■ **THE PROBLEM**
For this exercise, copy exactly the lines below from the one with "10月19日,云南鲁木纳龙狮艺术团队员在南狮高桩自选套路项目中比赛,最终他们获得该项目铜奖。新华社记者 陈欣波 摄" through the one with "وشارك في استقبال" and leave out the pictures.

Collection entries
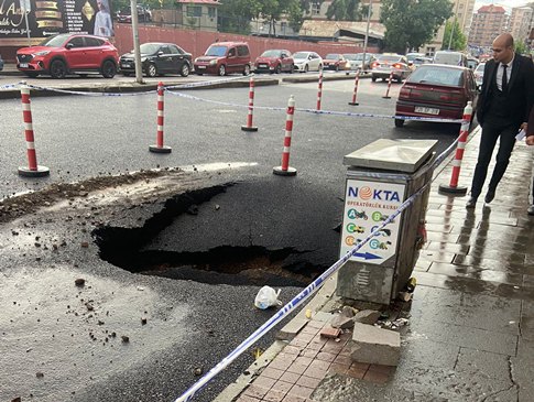 Erzurum’da öğlenden sonra etkisini artıran yağışlar, ulaşımda aksamalara neden oldu. Aşırı yağmur nedeni ile Yakutiye ilçesindeki Çaykara Caddesinde asfalt yol çöktü. Esnafın ihbarı üzerine olay yerine giden Büyükşehir Belediyesine bağlı ekipler, göçüğün etrafını güvenlik şeridi ile kapattı.
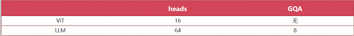 另外,以Qwen2.5VL 72B模型为例:各模块heads数量和GQA数量如下表:
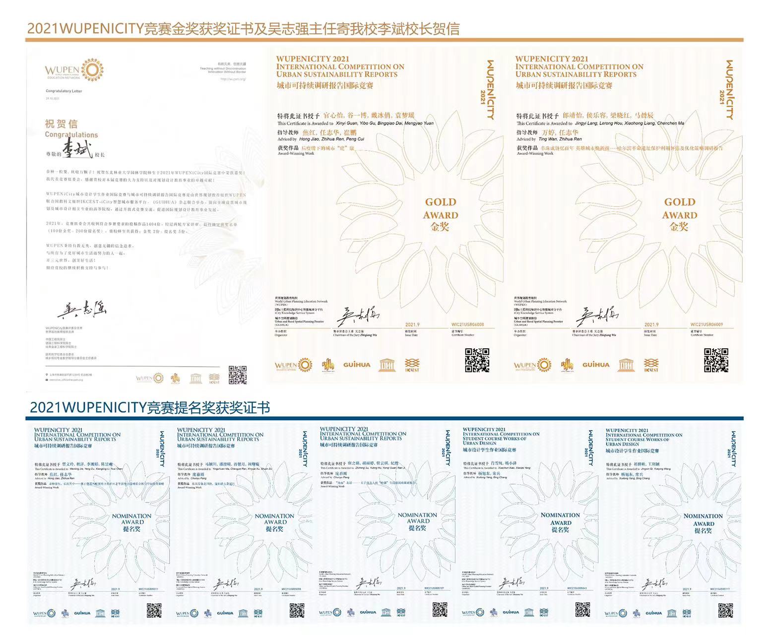 园林师生在2021WUPENiCity 国际竞赛中的获奖信息:
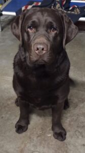 One-year-old chocolate male for rehoming. Will do best in a single dog house. Will be part of the breeding program. Please contact for more info.
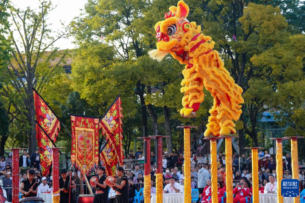 10月19日,云南鲁木纳龙狮艺术团队员在南狮高桩自选套路项目中比赛,最终他们获得该项目铜奖。新华社记者 陈欣波 摄
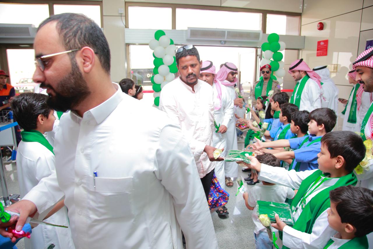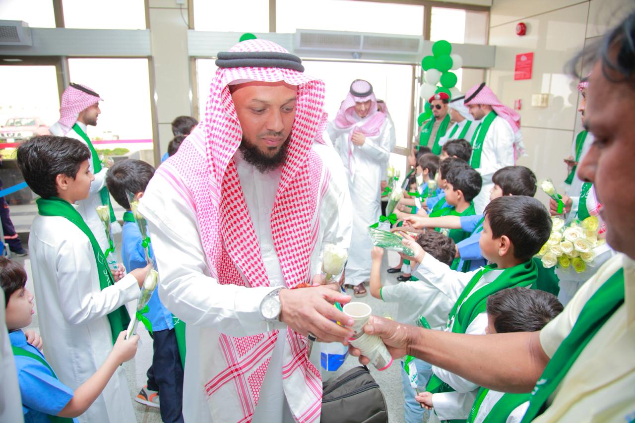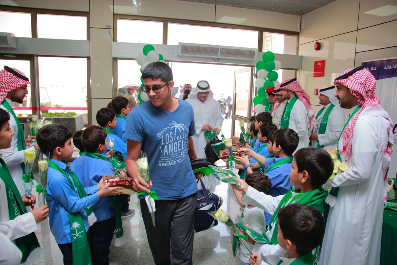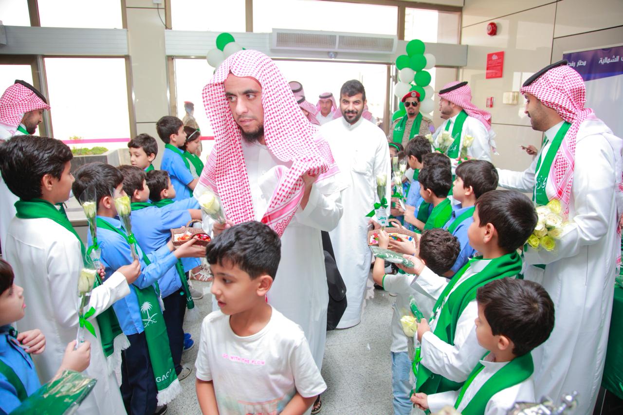 وشارك في استقبال المسافرين طلاب مدرسة الثراء العلمي برفحاء بمعية مديرهم فيصل بن فهد الحريري.
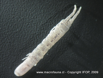 Margen frontal del cefalón ligeramente cóncavo, lámina frontal triangular, clípeo bífido extendiéndose hacia adelante en lugar de la lámina frontal. Ojos oblongos, transversos, localizándose en margen del cefalón. Tres últimos pares de placas coxales puntiagudas en dirección postero-lateral. Pleón con tres somitos visibles e incisión lateral indicando un cuarto; ápice del pleotelson redondeado. Flagelo de la primera antena con un único artejo, segundo con 4 artejos. Urópodo birrámeo. Cuarto par de pereiópodos diminuto, dirigido lateralmente. Partes antero-laterales del pleon con flecos de delicadas setas (Menzies, 1962).
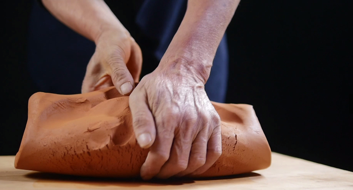 其实为了让坯体更具有可塑性,整个揉捏的过程,繁复且漫长。
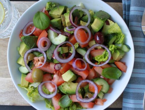 Salaten på billedet er fedtfri, fordi jeg serverede den til frokost, men man kan sagtens tilføje lidt avokado strimler og ristede sesam og få lidt sund fedt oveni. Dryp evt. også lidt kokosaminos på, for at få lidt saltsmag.
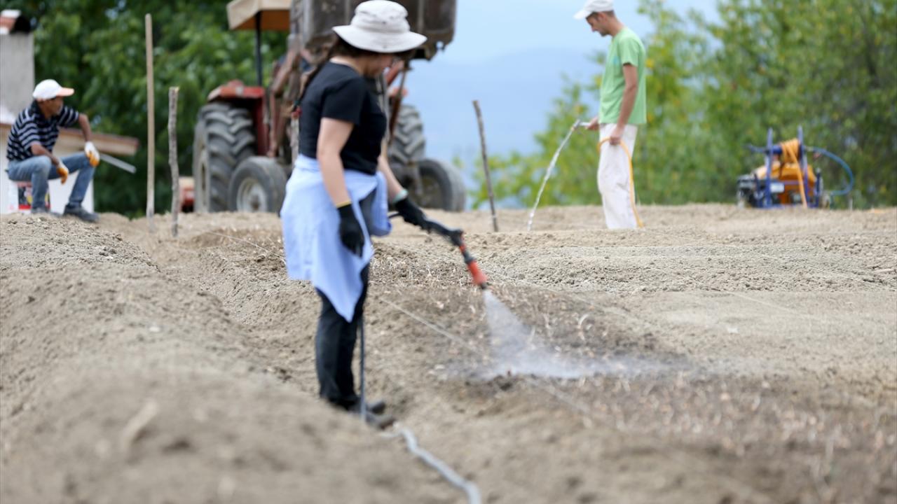 Safran soğanlarının dikimi için iklim koşullarına bağlı olarak toprağın hazırlandığını aktaran Yılmaz, “Toprak sürülür. Gübrelemeler yapılır. Daha sonra yumrularımızı yere oturtacak şekilde 15`er santimetre arayla dikeriz. Son olarak iki yandan küreklerle karık sistemi ile toprağı kapatırız.” diye konuştu.
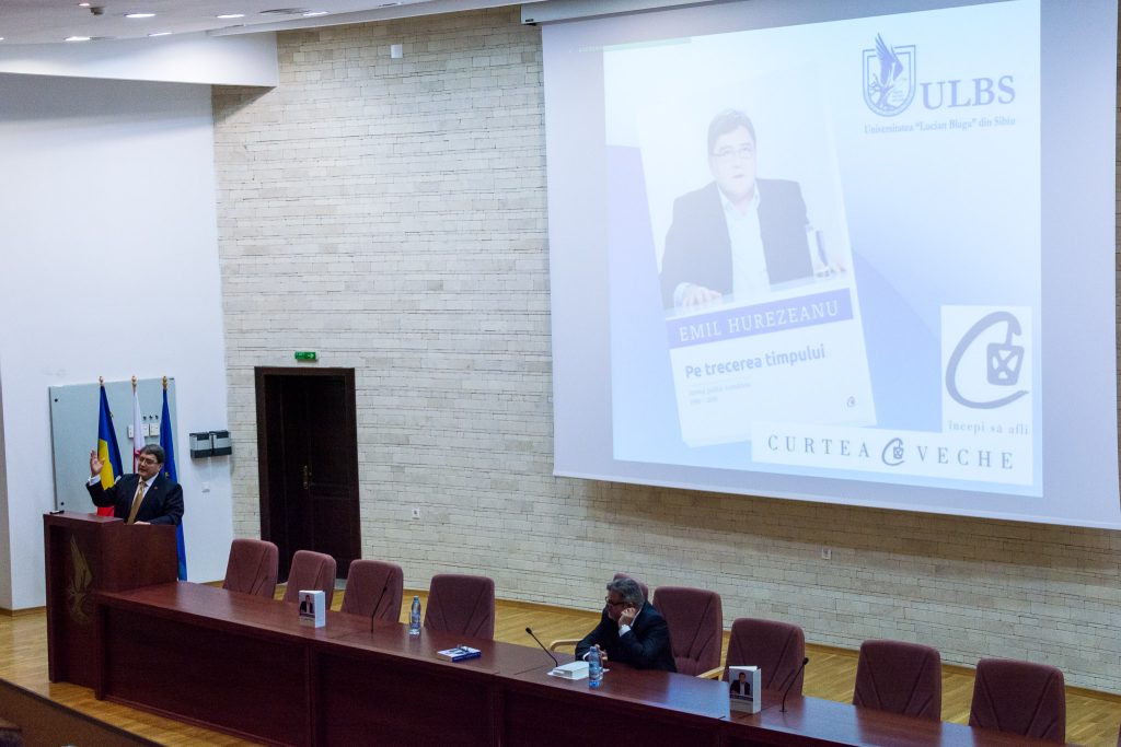 Jurnalistul și ambasadorul României la Berlin, Emil Hurezeanu, a lansat astăzi, 11 decembrie 2015, la Sibiu, volumul „Pe trecerea timpului. Jurnal Politic românesc 1996-2016”. Cartea, publicată la editura Curtea Veche, cuprinde o antologie de articole publicate de Emil Hurezeanu și ilustrează evoluția societății românești în ultimii 20 de ani.
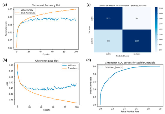 (a) Training accuracy of ChronoNet for two classes (stable and unstable), (b) training losses for the two classes, (c) confusion matrix, and (d) ROC curves for the two classes.
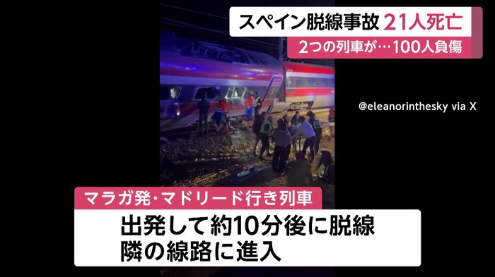 スペイン南部アンダルシア州で18日、2つの高速鉄道が脱線し、少なくとも21人が死亡した。
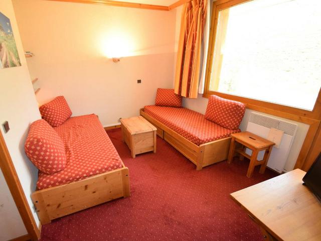 Studio divisible 4/5 pers, 26m2, de plain-pied (déneigement non garanti) sur accès piste, 1er étage par escaliers, exposition SUD, vue sur pistes. Cuisine ouverte : 4 plaques électriques, four micro-ondes grill, réfrigérateur, lave-vaisselle. Séjour : 2 lits banquette 1 pers et 1 lit tiroir, TV - Partie divisible : coin repas, 2 lits gigognes - SDB : douche - WC séparés - Les sols : moquette, sauf cuisine/wc/sdb : plastique. Literie: couvertures . Casier à skis n°B13 au RDC. WIFI INLCUS - Ménage final, draps, serviettes et forfaits ski en option. Studio agréable avec accès direct sur pistes. La résidence : petite résidence de 3 étages, calme, AU PIED DES PISTES, à env. 700m des commerces : accès par navettes gratuites en bus - parking extérieur non payant à proximité, non privé - Plagne Villages est reliée à Plagne Centre par le télébus (télécabine gratuite).
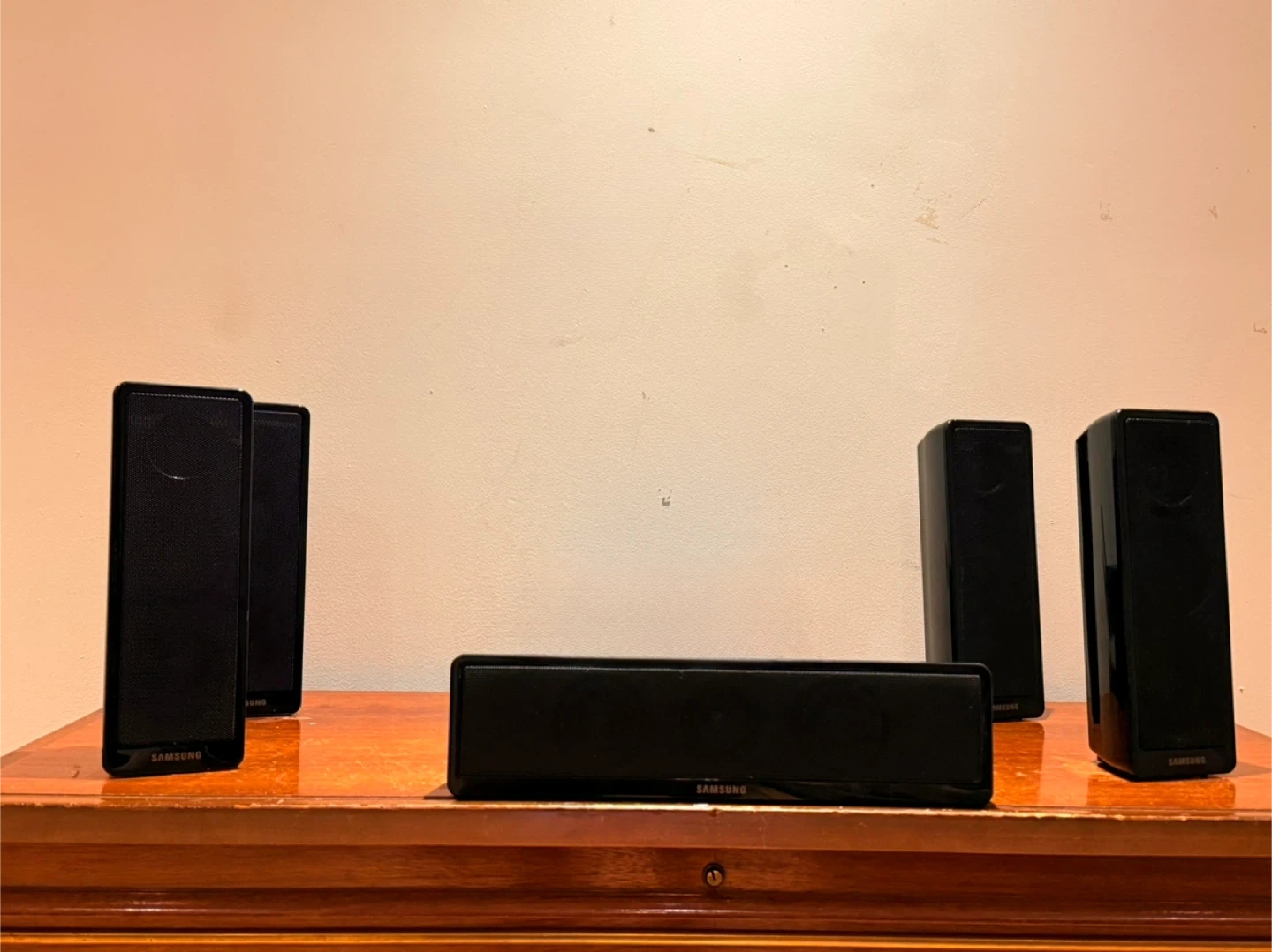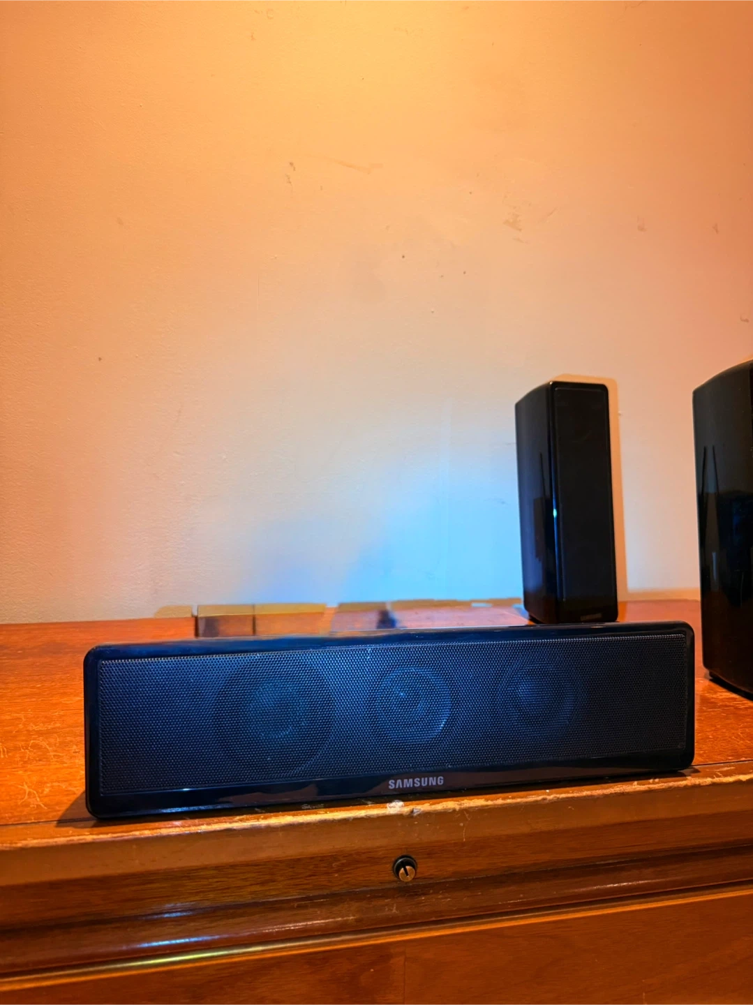 Selling a Samsung home theatre speaker system! It includes multiple speakers and a central sound bar, perfect for creating a surround sound experience in your living room. They're in great condition and ready to enhance your movie nights!

■ **WRITTEN ANSWER**
 10月19日,云南鲁木纳龙狮艺术团队员在南狮高桩自选套路项目中比赛,最终他们获得该项目铜奖。新华社记者 陈欣波 摄
 وشارك في استقبال المسافرين طلاب مدرسة الثراء العلمي برفحاء بمعية مديرهم فيصل بن فهد الحريري.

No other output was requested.